The Mock Tempest - The Plot

The Plot

Duffet's Mock Tempest is set not in any exotic location, but securely in the London familiar to its audience — specifically the lower reaches of contemporaneous London society. The storm that opens the play, in both the Shakespeare and Dryden/Davenant versions, is replaced in Duffet's by a riot in a brothel. Mother Stephania, a bawd, leads her cohort of pimps, prostitutes, and aristocratic customers in a valiant but vain effort to drive off an assault from the town's apprentices. The local watch carries off all the participants to Bridewell prison (the "enchanted castle"); there, the jailkeeper Prospero Whiffe reveals that the raid on the brothel was inspired by his ethereal spirit Ariel — a pickpocket.

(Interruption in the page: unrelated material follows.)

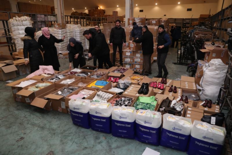 TIR'larla kışlık giyecek ve gıda kolileri gönderildi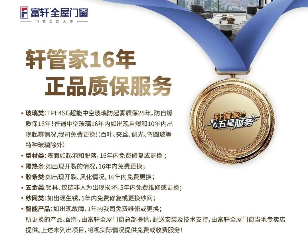 富軒的定制化服務(wù)不止于交付環(huán)節(jié),而是貫穿產(chǎn)品全生命周期。前期,設(shè)計(jì)師提供“光影規(guī)劃”服務(wù),根據(jù)房屋朝向定制玻璃透光率與開啟角度;中期,通過3D場(chǎng)景圖讓客戶沉浸式體驗(yàn)空間效果;后期,富軒還提供16年正品質(zhì)保服務(wù),并由中國(guó)人民財(cái)產(chǎn)保險(xiǎn)股份有限公司(PICC)進(jìn)行承保,盡最大努力為廣大消費(fèi)者提供安心居所,確保門窗歷久彌新。

The parody goes on to mangle the romances of Prospero's two daughters (called Dorinda and Hippolito, in Dryden and Davenant's adaptation). Dryden and Davenant made Hippolito and Dorinda ignorant of the opposite sex; Duffet's "Dorinda and Miranda" are very familiar with men, but get confused by the concept of a "husband" —

Dorinda: Husband, what's that?
Miranda: Why that's a thing like a man (for aught I know) with a great pair of horns upon his head, and my father said 'twas made for women, look ye.
Dorinda: What, must we ride to water upon't, sister?
Miranda: No, no, it must be our slave, and give us golden clothes, pray, that other men may lie with us in a civil way, and then it must father our children and keep them.
Dorinda: And when we are so old and ugly that nobody else will lie with us, must it lie with us itself?
Miranda: Aye, that it must, sister.

Along the way, Duffet mocks Davenant's musical adaptation of Macbeth, staged in 1664 but first printed in 1674. (Duffet also ridicules Davenent's Macbeth in his Epilogue to his burlesque of Elkanah Settle's The Empress of Morocco, another work of 1674.) The Duke of Mantua has a son who is a Quaker (his name is "Quakero"), allowing for comedy on that subject. And there is also "talk or enactment of drunkenness, violence, mutilation, cannibalism; of pimping, prostitution, adultery, incest; of hypocrisy, cowardice, torture, execution; of urine, vermin, venereal disease; of deviance, dissolution, and death."

The last act of Duffet's play features a parody of Ariel's song "Where the bee sucks, there suck I" from the final scene of The Tempest. Duffet's version is "Where good ale is, there suck I." The parody version was sung by Betty Mackerel, an orange vender who was promoted to the stage.

The Mock Tempest may have been revived in 1682.